When I ran good old Arisia's anime room, a stretch of years between 2004 and 2008, the standout screenings were Read or Die, which drew a spirited Saturday night mob that spilled right out of the room's back entrance, and Interstella 5555. The latter was an interesting phenomenon to watch, as it began with a half-empty room that rapidly filled up as word of “that Daft Punk anime” spread across the convention floor. Katsucon's biggest hit during my tenure was an even greater surprise-- a screening of the Detective Conan movie The Time-Bombed Skyscraper that filled up the biggest video room in the place. Naturally, I had to know what AWA's all-time champ was. Darius comments, “the most popular showing we did was when we got our hands on Final Fantasy: Advent Children... we'd planned for a single screening in our main video room but way more people came than could fit in there. We canceled other screenings in other rooms, and scrambled to show it as often as possible. I think we showed it 4-5 times that night. It changed the way we did big screenings at later AWAs, in terms of scheduling and crowd control.” Man, all that for some pretty CG?!

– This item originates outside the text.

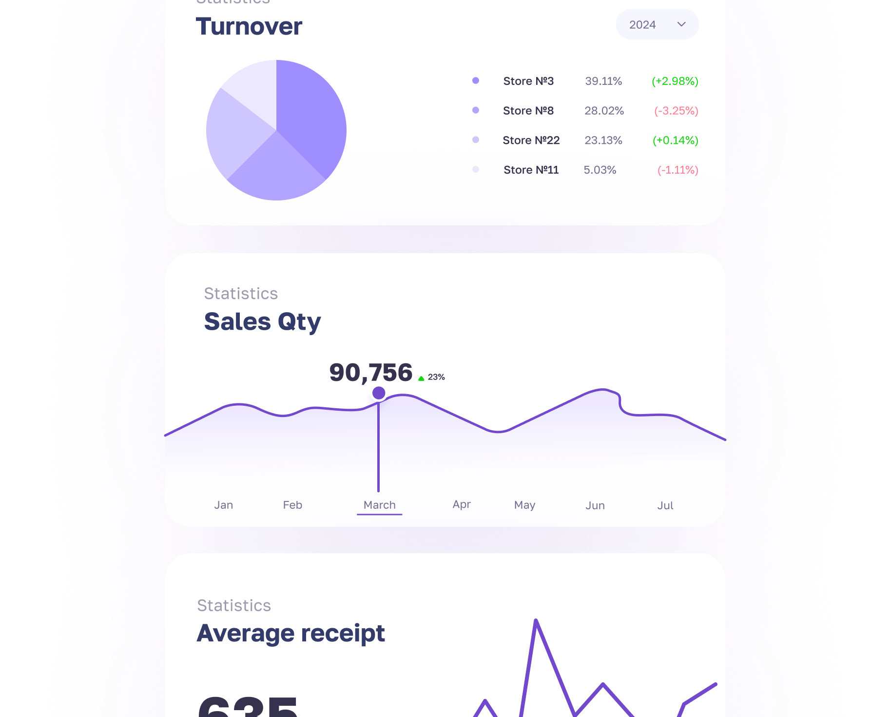 Datawiz offers 130 ready-made metrics that allow you to analyze data from the first day of use. You get access to key metrics that give you full control over your chain operations and allow you to see the big picture.

And then, you have the other end of the spectrum. I was practically giddy when I scheduled Mad Bull 34 for a 1am screening at Katsucon one year, with visions of throngs of restless, vociferous fans streaming in to laugh at the old favorite's camp and crazed violence. But when the time came, the room was empty-- the damn charlatans stayed away! Darius has an even better story: “At AWA 5, we had planned a screening of the Revolutionary Girl Utena movie just after the costume contest. But someone took over the DJ console, and for whatever reason a dance broke out... We arranged the room back and tried to get folks back in to see the movie but no one was interested at that point. The kids wanted to dance!” Maybe the best solution would've been to allow kids to dance while screening the movie. That sounds like a great plan!

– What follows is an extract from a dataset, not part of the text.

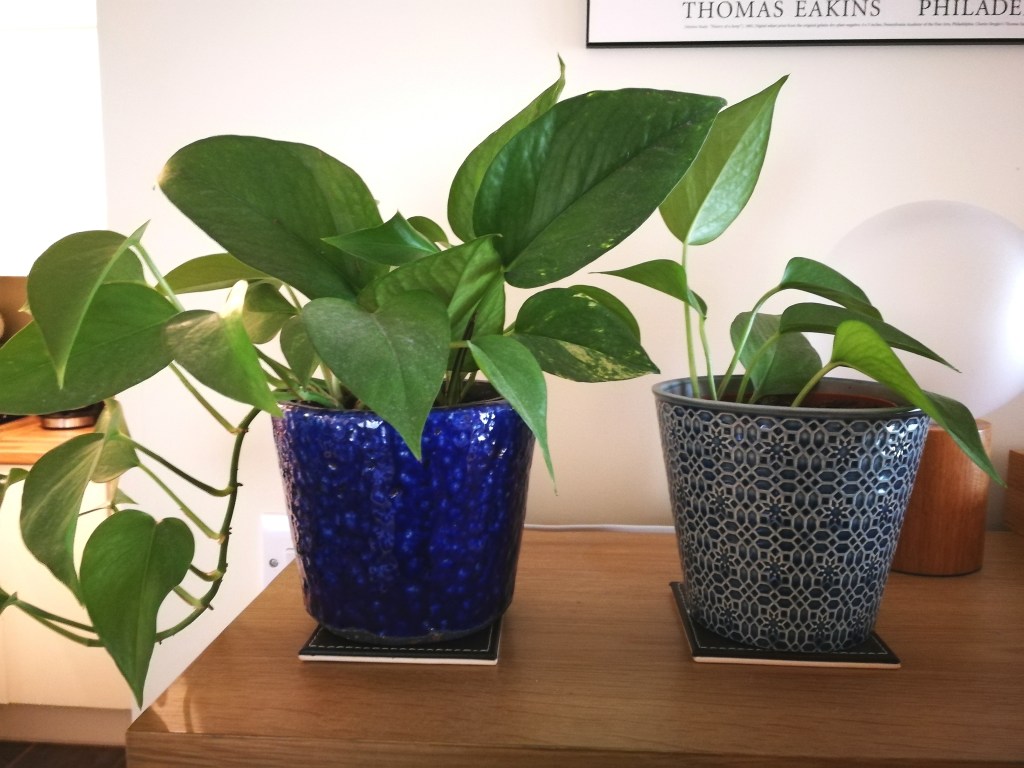 That brief dalliance with decorative objects blossomed into a lasting love affair once the hubby and I secured a place of our own. Now I’m perpetually on the lookout for the next stylish what’s-it that I absolutely have to have. One recent Saturday we were in a local home décor boutique that sells everything from embroidered pillows to up-cycled milking stools to wall paint with colour names like “Aged Paper” and “Biscuit.” (This is how we spend our weekend afternoons now.) We were looking for a glazed plant pot that would serve as a mate to a midnight-blue one in our living room, which holds a devil’s ivy that cascades rather fetchingly down the side of our drinks cabinet. Amongst the shop’s bits and bobs we found a small pot that was lighter in shade and which had a different etched pattern than the one we owned. We debated whether it was too different, but my newly honed Spidey sense told me the two pots would complement each other. We bought it and took it back to the flat and sure enough, I was right. I have to say I was quite smug about it.

To me, video rooms are still great features of conventions, a chance for fans to enjoy anime in a social setting and stumble upon awesome stuff that they might not have heard of before. I sneaked into Arisia's theatre during a screening of the new re-release of Serial Experiments Lain and hung around long enough to discern that a.) most of the people in the room had never seen it before, and b.) they were using a projector that could only output 1024x768, so it wasn't TRUE high density. But putting my pathological tech nitpicks aside, it was neat to see this in action. Some of my best convention memories involve just watching anime with peers-- a newly-fansubbed Berserk episode at Otakon 2000, a semi-private screening of Dragon Half with the voice cast, an open viewing of a Beck episode with lead Greg Ayres providing live commentary. I get a great buzz from these experiences, and I like to think that the original mob of fans in the LunaCon got that same buzz.

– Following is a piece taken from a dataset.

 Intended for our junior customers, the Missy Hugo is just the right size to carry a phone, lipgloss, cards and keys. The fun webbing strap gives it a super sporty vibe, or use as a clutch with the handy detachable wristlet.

Once again, it's time to turn it over to you guys. What's the best time you ever had at an anime con screening? How about the worst time? Did you ever find something really amazing at a con video room-- or something really awful? Do any of you weirdos go to those late-nite con hentai screenings on a regular basis? Because man, even as dirty-minded as I am, that one La Blue Girl experience was enough! Let me know in the comments-- I'll be in the fourth row, right behind the projector.